• **Exercise**
Print out every line of the material exactly. Include no pictures.

• **Dataset extract**
↓

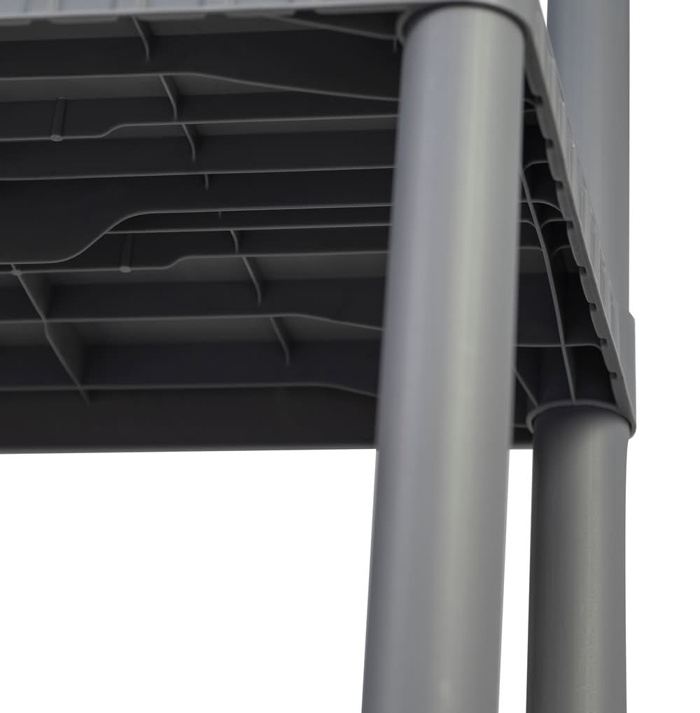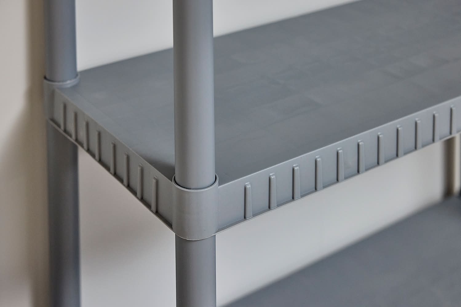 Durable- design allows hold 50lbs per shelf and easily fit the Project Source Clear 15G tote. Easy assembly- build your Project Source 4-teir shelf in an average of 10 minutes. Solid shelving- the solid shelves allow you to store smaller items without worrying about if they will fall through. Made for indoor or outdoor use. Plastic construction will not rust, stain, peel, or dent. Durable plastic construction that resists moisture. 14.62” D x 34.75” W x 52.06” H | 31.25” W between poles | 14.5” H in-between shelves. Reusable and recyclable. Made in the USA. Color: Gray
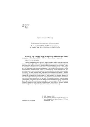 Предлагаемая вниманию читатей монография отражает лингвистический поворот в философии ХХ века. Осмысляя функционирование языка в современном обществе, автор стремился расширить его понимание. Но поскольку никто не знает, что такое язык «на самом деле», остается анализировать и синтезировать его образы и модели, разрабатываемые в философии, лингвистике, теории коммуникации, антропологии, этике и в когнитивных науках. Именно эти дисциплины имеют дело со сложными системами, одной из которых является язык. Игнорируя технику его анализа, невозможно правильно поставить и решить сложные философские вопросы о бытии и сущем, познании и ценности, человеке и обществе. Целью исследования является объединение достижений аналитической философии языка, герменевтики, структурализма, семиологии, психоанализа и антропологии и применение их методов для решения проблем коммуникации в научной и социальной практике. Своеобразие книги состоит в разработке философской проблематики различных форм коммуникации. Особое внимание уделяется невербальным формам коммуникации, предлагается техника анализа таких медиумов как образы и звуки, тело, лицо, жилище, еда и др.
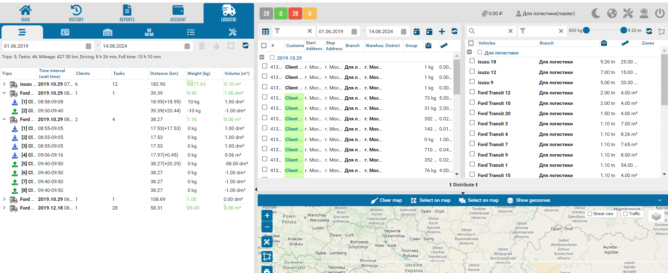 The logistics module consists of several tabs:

↑

• **Response to this exercise**
 Durable- design allows hold 50lbs per shelf and easily fit the Project Source Clear 15G tote. Easy assembly- build your Project Source 4-teir shelf in an average of 10 minutes. Solid shelving- the solid shelves allow you to store smaller items without worrying about if they will fall through. Made for indoor or outdoor use. Plastic construction will not rust, stain, peel, or dent. Durable plastic construction that resists moisture. 14.62” D x 34.75” W x 52.06” H | 31.25” W between poles | 14.5” H in-between shelves. Reusable and recyclable. Made in the USA. Color: Gray
 Предлагаемая вниманию читатей монография отражает лингвистический поворот в философии ХХ века. Осмысляя функционирование языка в современном обществе, автор стремился расширить его понимание. Но поскольку никто не знает, что такое язык «на самом деле», остается анализировать и синтезировать его образы и модели, разрабатываемые в философии, лингвистике, теории коммуникации, антропологии, этике и в когнитивных науках. Именно эти дисциплины имеют дело со сложными системами, одной из которых является язык. Игнорируя технику его анализа, невозможно правильно поставить и решить сложные философские вопросы о бытии и сущем, познании и ценности, человеке и обществе. Целью исследования является объединение достижений аналитической философии языка, герменевтики, структурализма, семиологии, психоанализа и антропологии и применение их методов для решения проблем коммуникации в научной и социальной практике. Своеобразие книги состоит в разработке философской проблематики различных форм коммуникации. Особое внимание уделяется невербальным формам коммуникации, предлагается техника анализа таких медиумов как образы и звуки, тело, лицо, жилище, еда и др.
 The logistics module consists of several tabs:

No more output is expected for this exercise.